** Opening Given material block **
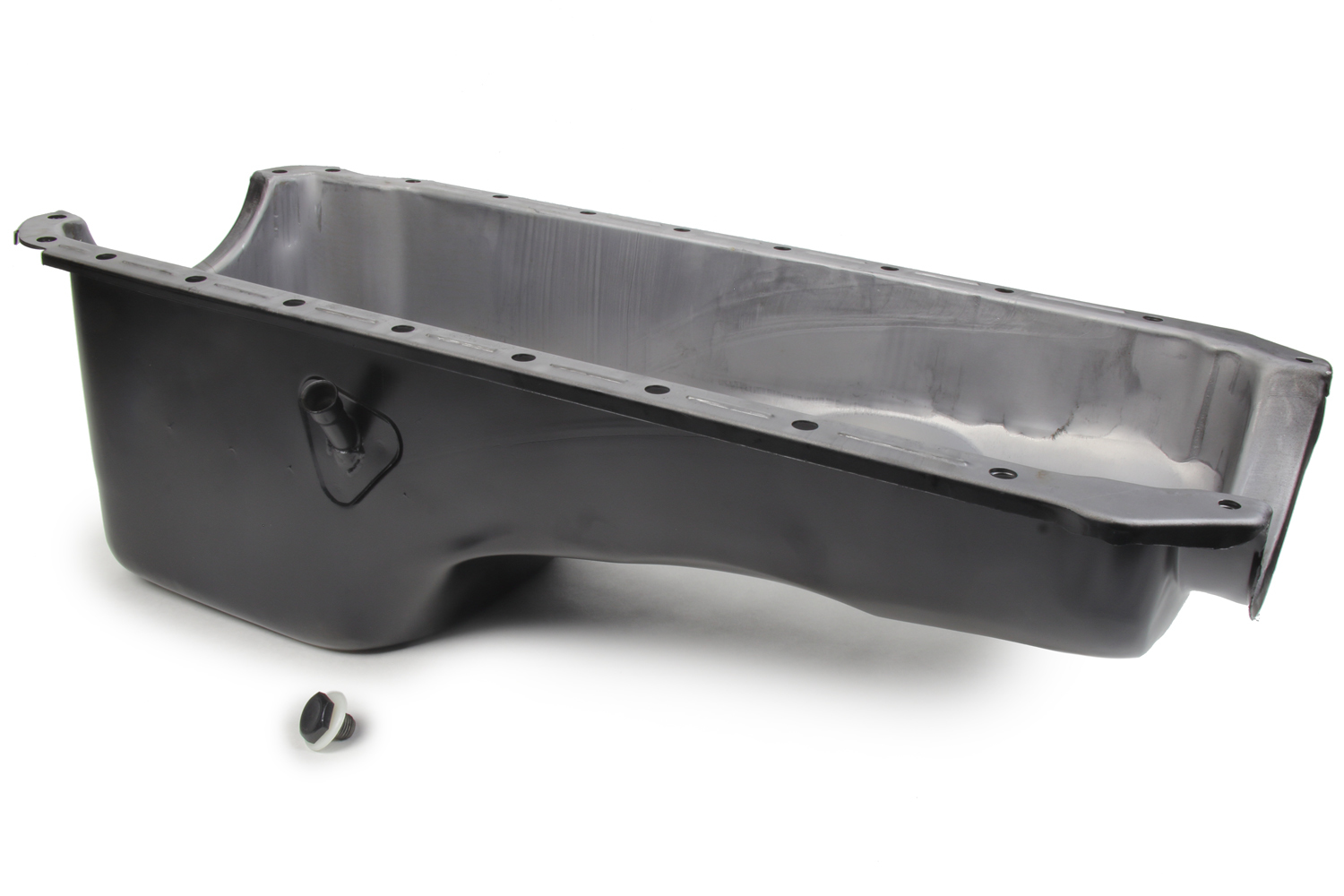 Engine Oil Pan – Rear Sump – 4 qt – Stock Depth – Steel – Black Paint – Big Block Chevy – Each
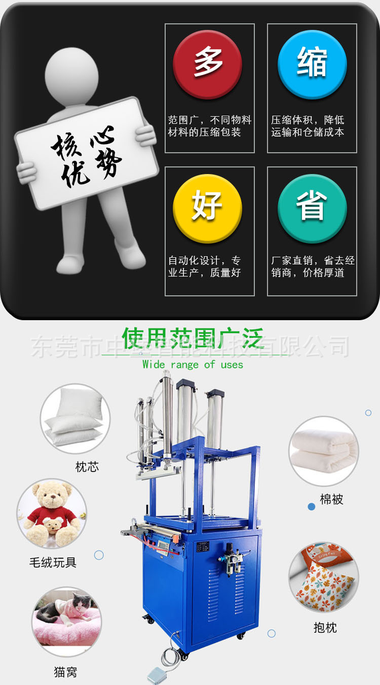 真空壓縮包裝機的壓縮功能衣物、棉被、海綿制品經壓縮后,倉儲或收納空間占用大幅減少
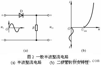 在图2(a)所示为一般半波整流电路,由于二极管的伏安特性如图(b)所示,当输入电压uI幅值小于二极管的开启电压Uon时,二极管在信号的整个周期均处于截止状态,输出电压始终为零。即使uI幅值足够大,输出电压也只反映uI大于Uon的那部分电压的大小。在uI与Uon相差不大时,输出整流波形在零区附近的失真非常明显。因此,该电路不能对微弱信号整流。
** Closing Given material block **
■ What you need to do
Would you copy out all the data exactly, without the images?

■ Reply to the exercise
 Engine Oil Pan – Rear Sump – 4 qt – Stock Depth – Steel – Black Paint – Big Block Chevy – Each
 真空壓縮包裝機的壓縮功能衣物、棉被、海綿制品經壓縮后,倉儲或收納空間占用大幅減少
 在图2(a)所示为一般半波整流电路,由于二极管的伏安特性如图(b)所示,当输入电压uI幅值小于二极管的开启电压Uon时,二极管在信号的整个周期均处于截止状态,输出电压始终为零。即使uI幅值足够大,输出电压也只反映uI大于Uon的那部分电压的大小。在uI与Uon相差不大时,输出整流波形在零区附近的失真非常明显。因此,该电路不能对微弱信号整流。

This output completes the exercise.